=== Begin Enclosure ===
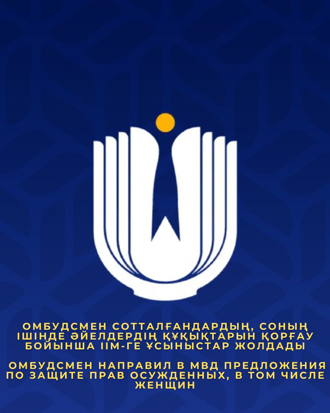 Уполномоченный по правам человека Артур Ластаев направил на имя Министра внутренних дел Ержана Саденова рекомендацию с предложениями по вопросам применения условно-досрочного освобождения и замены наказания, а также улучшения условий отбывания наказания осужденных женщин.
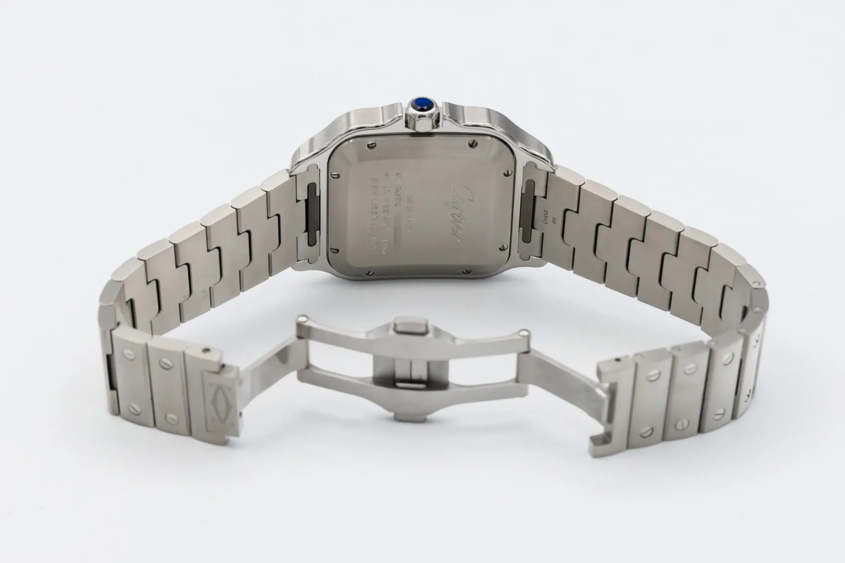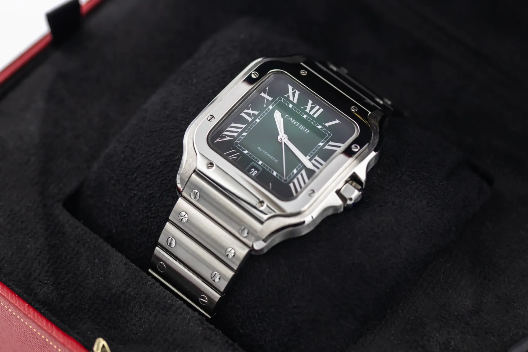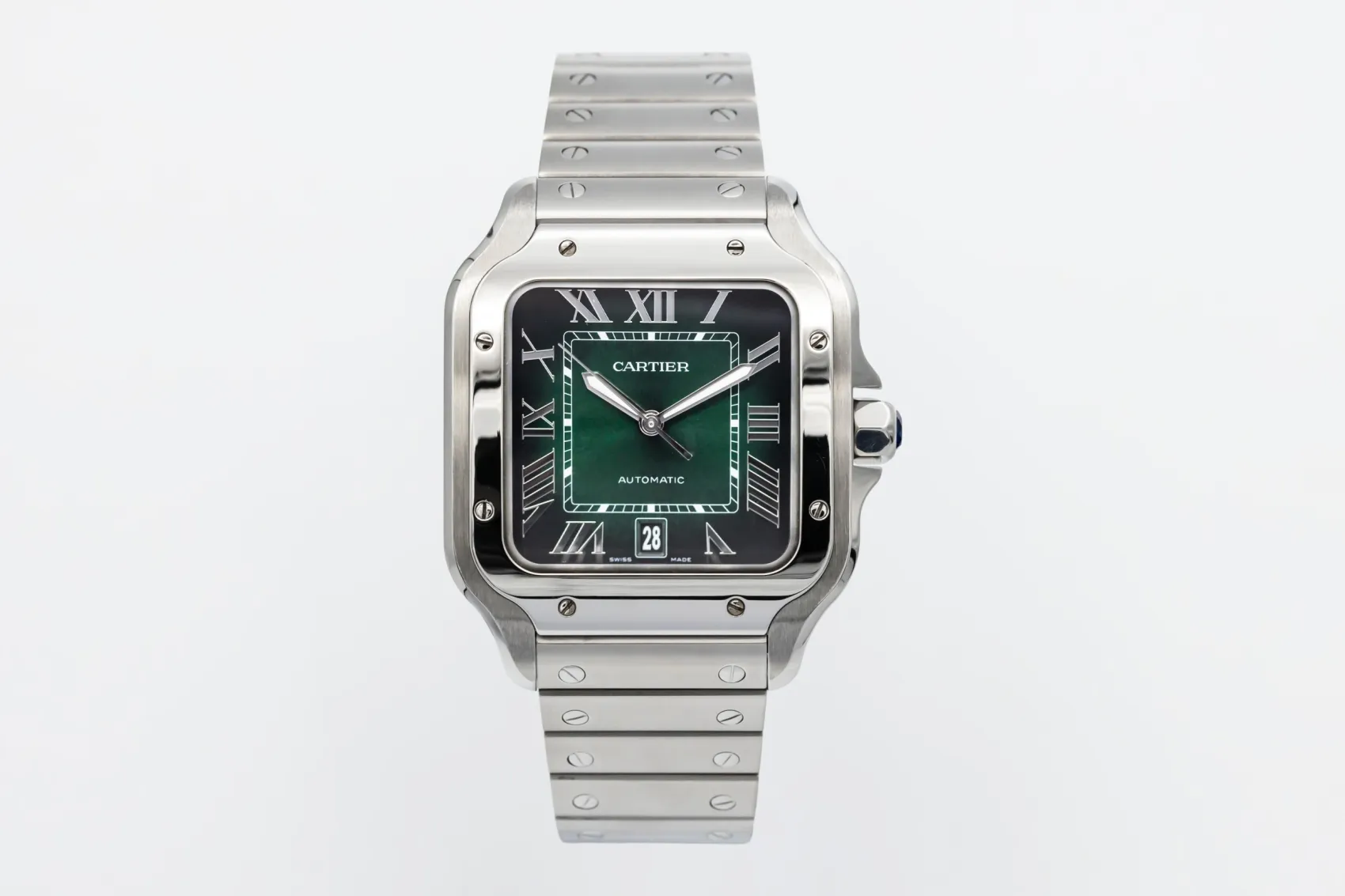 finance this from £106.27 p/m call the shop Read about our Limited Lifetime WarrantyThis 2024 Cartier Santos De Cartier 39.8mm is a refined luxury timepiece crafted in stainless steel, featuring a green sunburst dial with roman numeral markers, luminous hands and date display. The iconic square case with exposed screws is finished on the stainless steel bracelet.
=== End Enclosure ===
=== Begin Enclosure ===
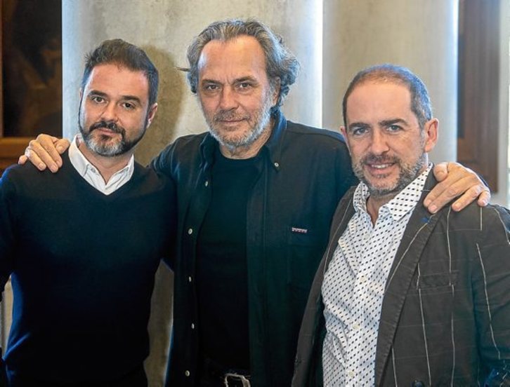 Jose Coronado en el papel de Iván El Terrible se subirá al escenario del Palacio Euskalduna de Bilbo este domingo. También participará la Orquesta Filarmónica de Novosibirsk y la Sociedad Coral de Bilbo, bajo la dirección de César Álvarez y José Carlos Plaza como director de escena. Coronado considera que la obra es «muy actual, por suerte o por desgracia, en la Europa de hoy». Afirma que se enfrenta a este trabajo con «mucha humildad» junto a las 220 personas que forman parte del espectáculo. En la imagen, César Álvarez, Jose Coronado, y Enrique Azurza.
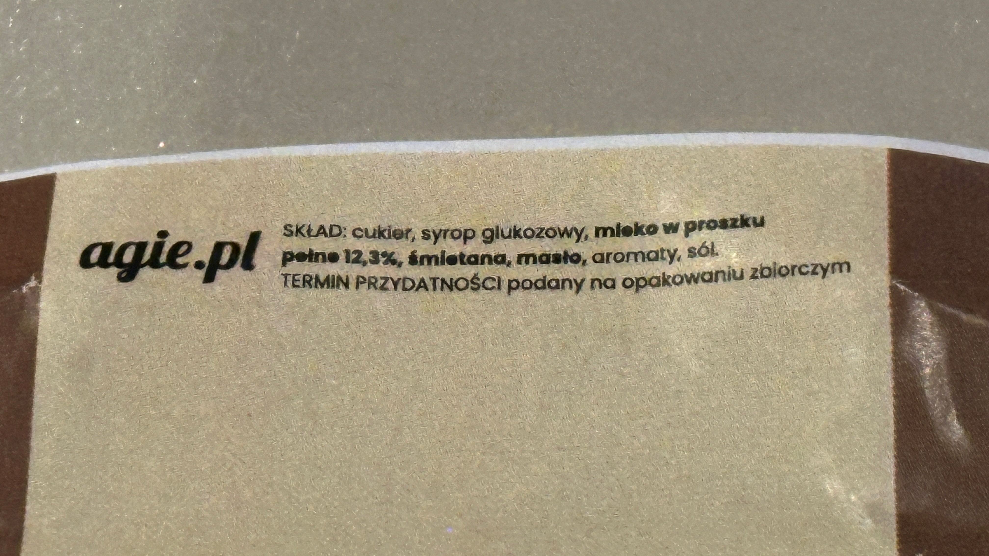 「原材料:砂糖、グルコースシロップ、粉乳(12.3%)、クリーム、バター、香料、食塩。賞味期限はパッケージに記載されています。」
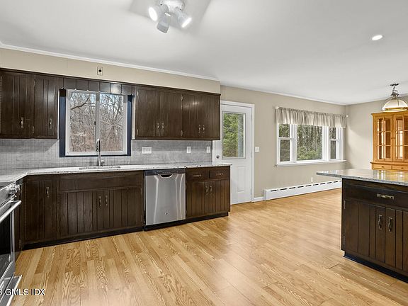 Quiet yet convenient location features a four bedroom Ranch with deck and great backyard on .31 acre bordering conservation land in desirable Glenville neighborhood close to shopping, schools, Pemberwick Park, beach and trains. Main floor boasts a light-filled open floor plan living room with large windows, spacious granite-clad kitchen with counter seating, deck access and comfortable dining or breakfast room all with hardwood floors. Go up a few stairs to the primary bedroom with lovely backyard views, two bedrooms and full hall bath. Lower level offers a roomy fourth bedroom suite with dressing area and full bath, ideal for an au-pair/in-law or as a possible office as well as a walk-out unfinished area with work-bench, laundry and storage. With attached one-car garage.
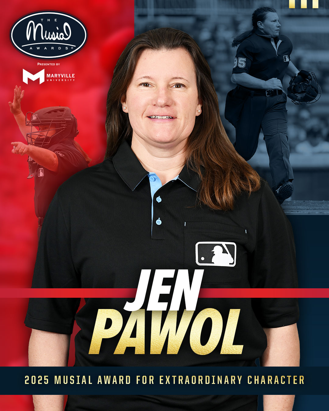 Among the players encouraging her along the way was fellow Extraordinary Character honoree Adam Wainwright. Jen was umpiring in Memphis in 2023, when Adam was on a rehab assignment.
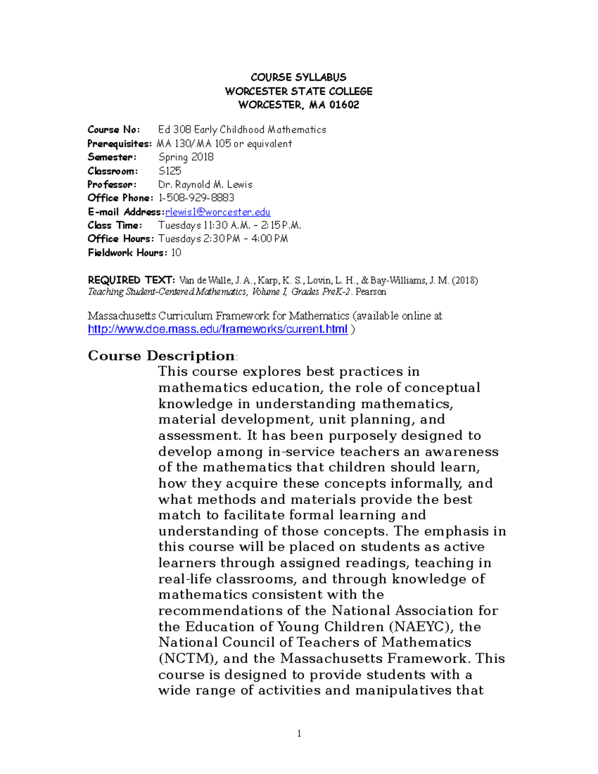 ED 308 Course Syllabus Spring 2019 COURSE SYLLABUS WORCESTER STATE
=== End Enclosure ===
> _To do_
The answer should consist only of the lines above from the one with "Among the players" through the one with "ED 308 Course", repeated exactly, with no pictures among them.

> _Response area_
 Among the players encouraging her along the way was fellow Extraordinary Character honoree Adam Wainwright. Jen was umpiring in Memphis in 2023, when Adam was on a rehab assignment.
 ED 308 Course Syllabus Spring 2019 COURSE SYLLABUS WORCESTER STATE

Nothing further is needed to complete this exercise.